L’analyse épidémiologique révèle plusieurs facteurs aggravants :

  • La consommation d’eau de rue vendue en sachet, souvent non traitée ;

  • L’absence de latrines modernes dans plusieurs foyers du quartier ;

  • Le manque de sensibilisation sur l’hygiène des mains et des aliments.

Les autorités déconseillent formellement l’achat d’eau en sachet non scellée, très prisée dans les zones populaires d’Abidjan.


Mesures de riposte en cours

Face à l’urgence, le gouvernement a déployé une série d’actions :

  • Distribution de kits d’hygiène (eau de Javel, savons, sels de réhydratation) ;

  • Chloration de puits et forages à usage communautaire ;

  • Sensibilisation de proximité en langues locales par les agents de santé communautaire ;

  • Installation d’un poste de traitement des cas à l’hôpital général de Port-Bouët.

Le ministre de la Santé, Pierre Dimba, a affirmé que la situation est sous contrôle, avec un recul significatif du nombre de nouveaux cas depuis le 18 juin.

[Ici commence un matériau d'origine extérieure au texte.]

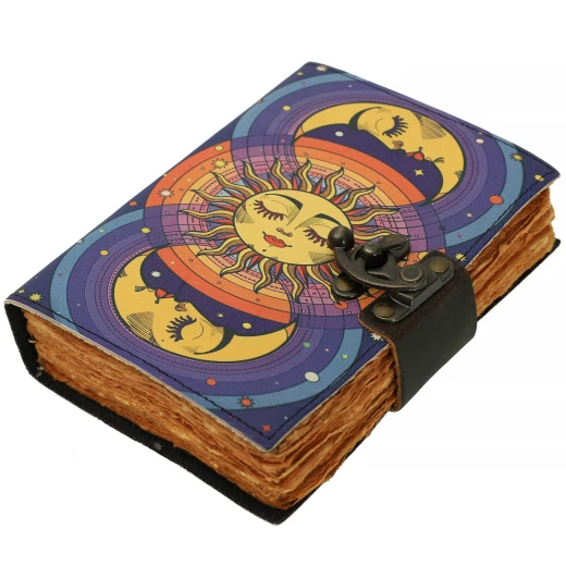 Nebeský zápisník střídání slunce a měsíce v kožené vazbě - Outlet
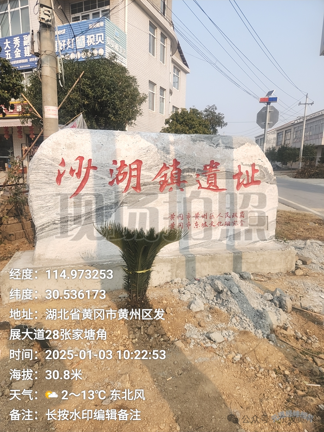 根据以上文章及历史资料记载,考察人员进行现场考证并研讨、分析、认定:沙湖镇遗址位于黄州区陶店乡政府附近(经度:114.973253 纬度:30.536173 海拔:30.8米)的周边。
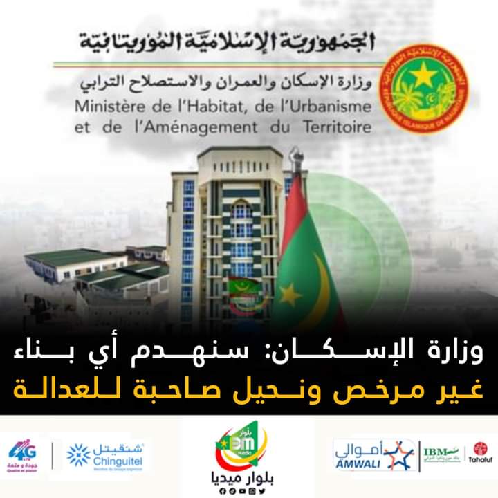 أعلنت وزارة الإسكان والعمران والاستصلاح الترابي الموريتانية، أن مصالح الرقابة الحضرية ستهدم أي بناء غير مرخص، أو احتلال المجال العمومي.
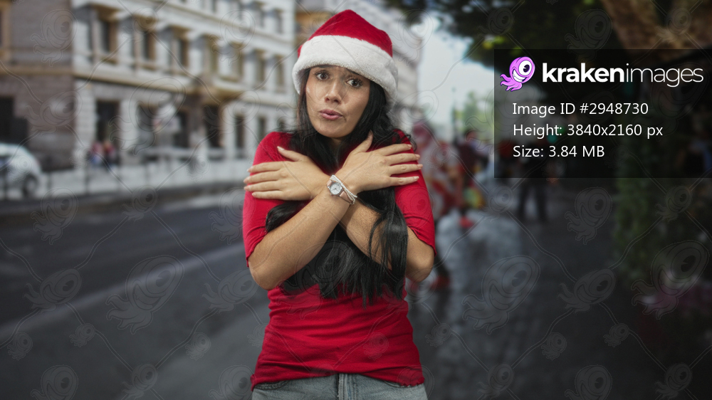 Woman in santa hat crosses arms hugging chest on street, visible wristwatch and red top with long hair; discomfort.
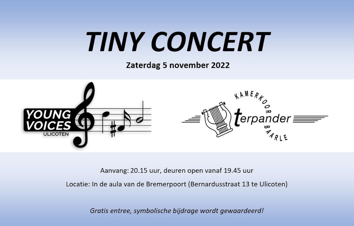 Zaterdagavond 5 november geven Young Voices Ulicoten en Kamerkoor Terpander een Tiny Concert in de Bremerpoort te Ulicoten. Van harte welkom om te komen kijken en luisteren!
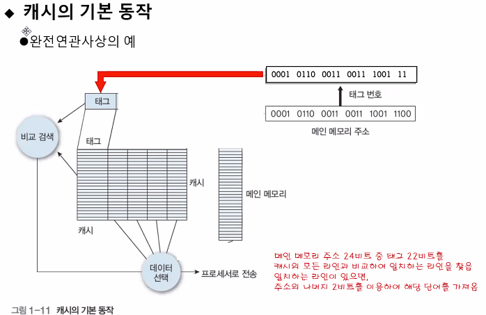 그 워드를 캐시 메모리에 있는 태그와 비교합니다.
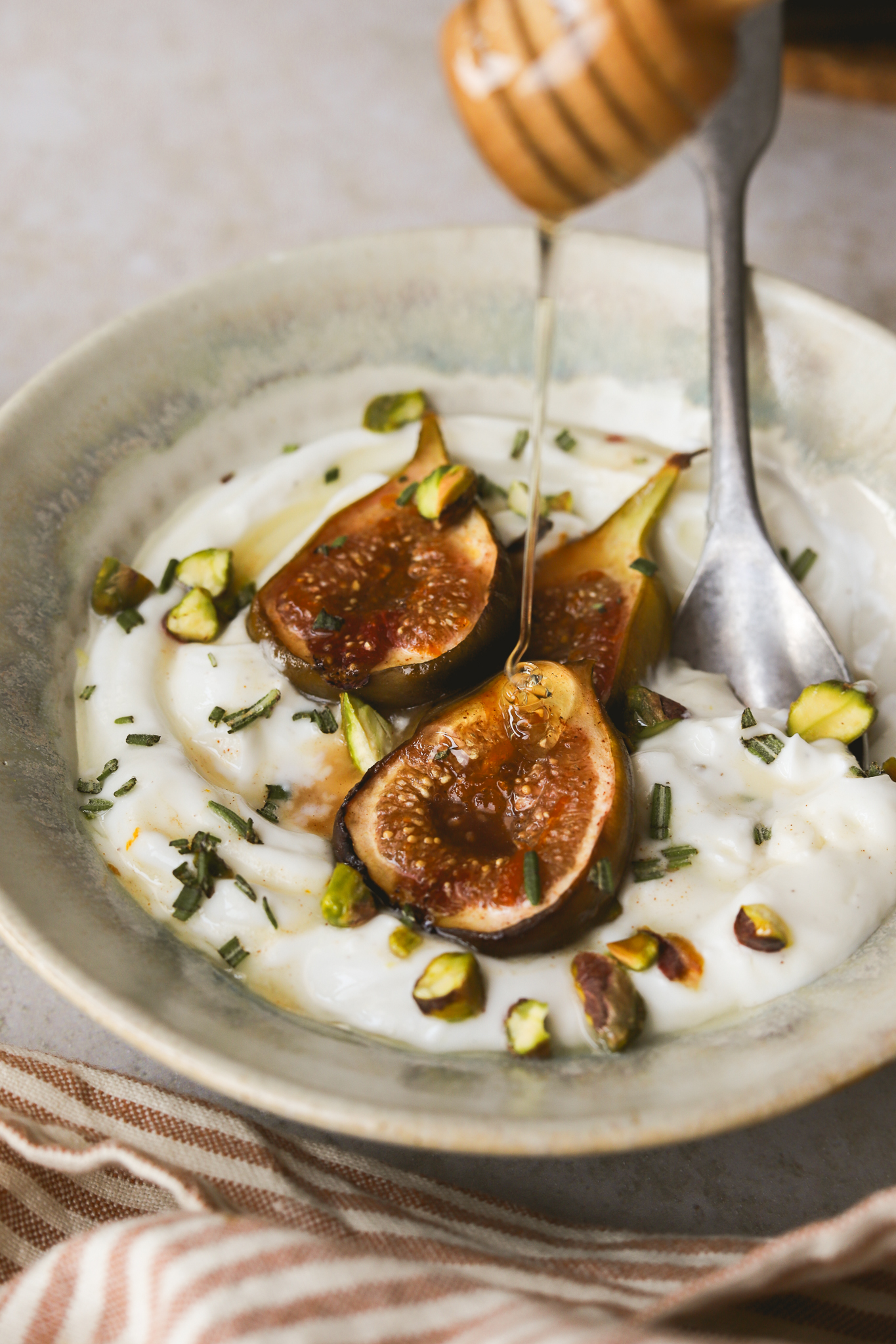 Step 6: Serve fig halves on Greek yogurt or mascarpone with a drizzle of the syrup from the baking dish, fresh minced rosemary or thyme, chopped pistachios and another drizzle of honey if desired.
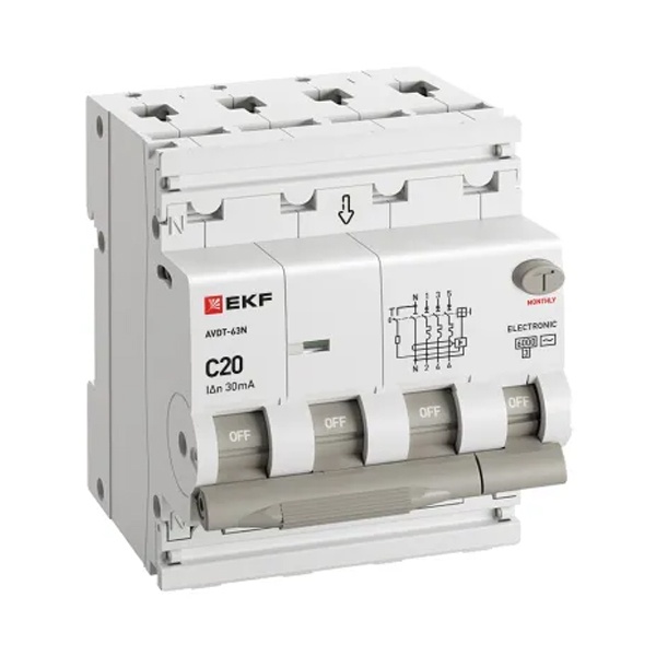 • Дифавтомат EKF PROxima АВДТ-63N 3P+N 20А 30мА характеристика C тип АС трехфазный электронный 6кА (дифференциальный автомат, АВДТ)

Appel à la vigilance de la population

Les autorités exhortent la population à adopter des comportements responsables :

  • Ne pas consommer d’eau non traitée (même bouillie à la maison si doute) ;

  • Se laver les mains régulièrement avec de l’eau et du savon ;

  • Cuire correctement les aliments, surtout le poisson frais ;

  • En cas de diarrhée soudaine ou de vomissements, se rendre immédiatement dans un centre de santé.


Contexte régional

La Côte d’Ivoire n’est pas isolée dans cette recrudescence. Des cas sporadiques de choléra ont été également signalés cette année au Ghana, au Bénin et au Nigeria. L’Organisation mondiale de la Santé (OMS) a rappelé que l’Afrique de l’Ouest reste l’une des zones les plus exposées en période de fortes pluies, en raison du faible accès à l’eau potable pour près de 40 % de la population urbaine.


Qu’est-ce que le choléra ?

Le choléra est une infection diarrhéique aiguë causée par l’ingestion d’aliments ou d’eau contaminés par la bactérie Vibrio cholerae. Il peut entraîner la mort en quelques heures si un traitement de réhydratation n’est pas administré rapidement.

Taux de létalité sans traitement : 50 %
Taux avec traitement adapté : inférieur à 1 %


En conclusion

Cette épidémie, bien que localisée, rappelle l’importance cruciale de l’hygiène dans les quartiers défavorisés. Elle met aussi en lumière les fragilités structurelles d’une capitale économique moderne mais encore marquée par des inégalités d’accès aux services de base. La réactivité des autorités et la coopération des citoyens seront les clés pour éviter une propagation plus large.